As traveling comes to a grinding halt to slow the pandemic, the hospitality industry is trying to weather the storm with massive layoffs and sweeping closures. The latest company to feel the sting of COVID-19 is Airbnb-backed boutique hotel Lyric, which announced a second round of staff cuts to The Real Deal on Wednesday.
“[We have] made the difficult decision to reduce our operations,” CEO Andrew Kitchell told TRD. “We know this is a very unsettling time for everyone, and our hearts go out to all of those affected by these unprecedented circumstances.”
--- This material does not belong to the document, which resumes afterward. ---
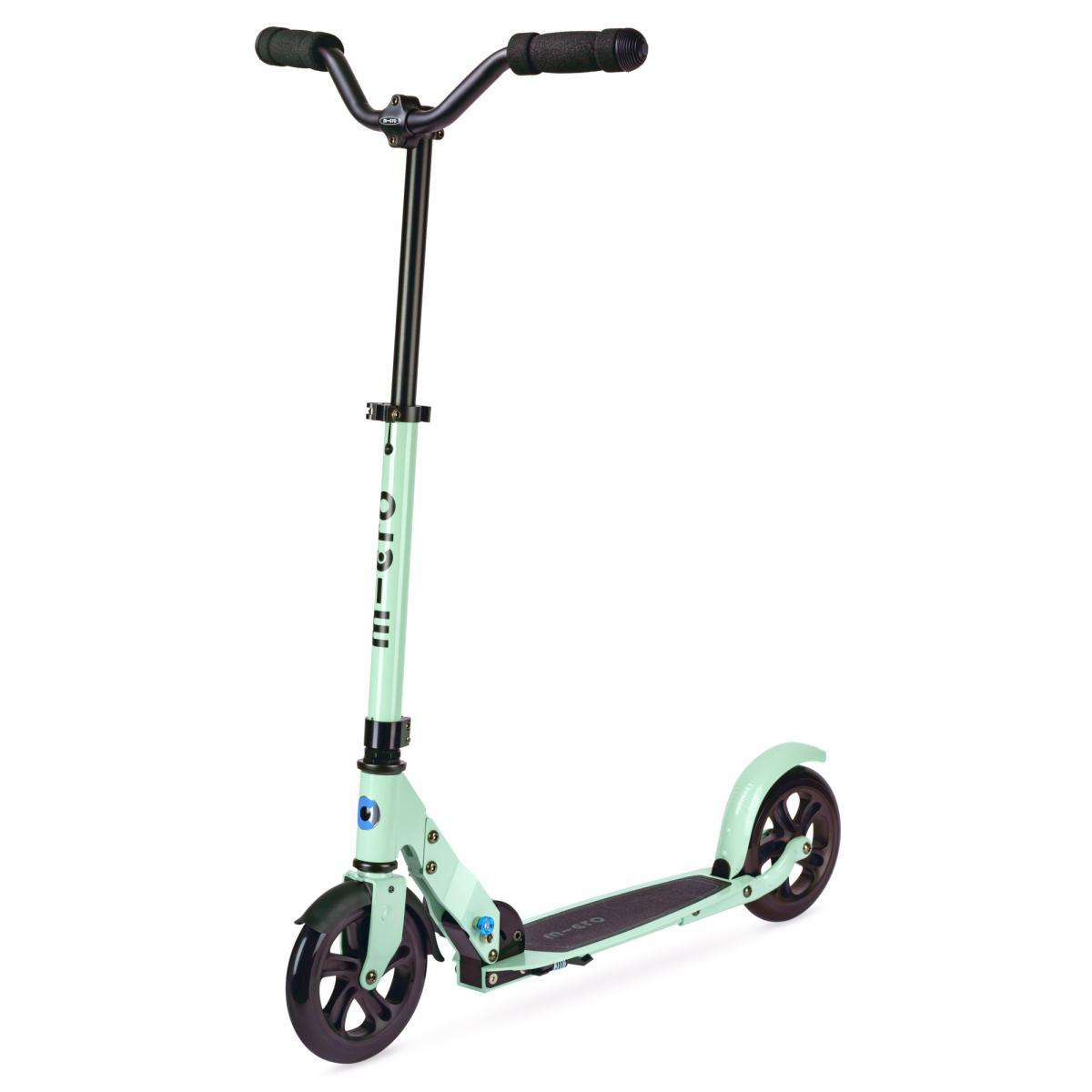 Micro Speed Deluxe Clay es un scooter plegable universal en color pistacho. Es apto para niños, jóvenes y adultos. Gracias a las ruedas de 180 mm y al manillar ancho regulable, es un scooter rápido y cómodo apto para la conducción normal en recorridos cortos, medios y largos.

A Lyric spokesperson confirmed on Wednesday that it laid off “the majority” of its 100-person staff headquartered in San Francisco, as the coronavirus has led to a slowdown in travel and bookings. The spokesperson also revealed 80 percent of hotel staff’s jobs are on the line if the “macroeconomic environment doesn’t change” by May.
In addition to laying off staff, the company announced the majority of its 400 units in Chicago, Dallas, Houston, Miami, Minneapolis, New Orleans, Philadelphia, Pittsburgh, San Diego, and Washington D.C. are at risk of closing. Meanwhile, Lyric’s 132 units at 70 Pine Street in New York City will “remain online.”
Inman asked for specific details on the layoff and closure numbers, but Lyric’s spokesperson has yet to respond to the request.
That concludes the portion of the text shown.